:: Problem requirements ::
Restate each line of the listing exactly, without carrying over any pictures.

:: Provided material ::
- - - -

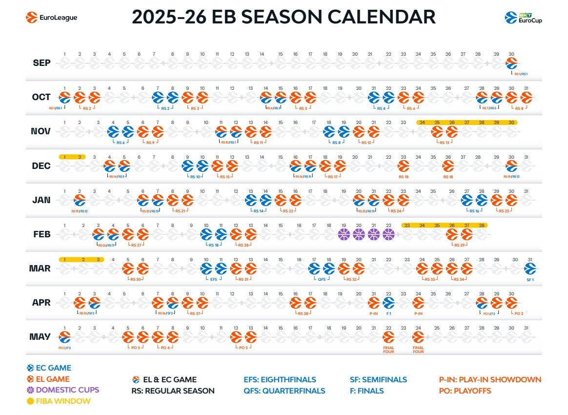 Αυτό είναι το καλεντάρι της EuroLeague 2025-26, τι ισχύει με τα παράθυρα της FIBA και τις διαβολοβδομάδες
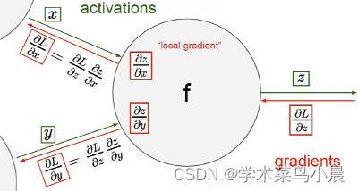 如何让 f 值更小,就是改变x、y、z,而损失函数也是这样,那么我们分别求偏导,则能得出每个值对结果的影响
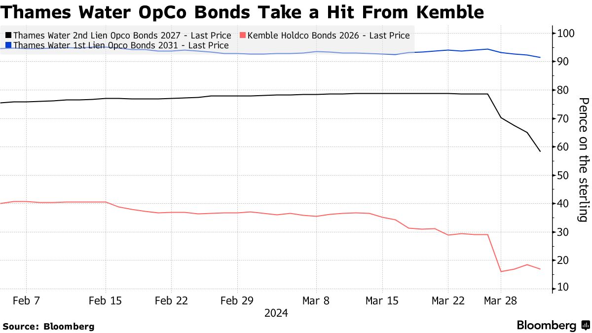 泰晤士河水公司的母公司肯布尔水务融资有限公司表示将无法偿还本月晚些时候到期的贷款,其债券长期以来一直以大幅折价交易。但由运营公司泰晤士河水务融资有限公司发行的债务仍然相对稳健。

- - - -

:: Exercise output ::
 Αυτό είναι το καλεντάρι της EuroLeague 2025-26, τι ισχύει με τα παράθυρα της FIBA και τις διαβολοβδομάδες
 如何让 f 值更小,就是改变x、y、z,而损失函数也是这样,那么我们分别求偏导,则能得出每个值对结果的影响
 泰晤士河水公司的母公司肯布尔水务融资有限公司表示将无法偿还本月晚些时候到期的贷款,其债券长期以来一直以大幅折价交易。但由运营公司泰晤士河水务融资有限公司发行的债务仍然相对稳健。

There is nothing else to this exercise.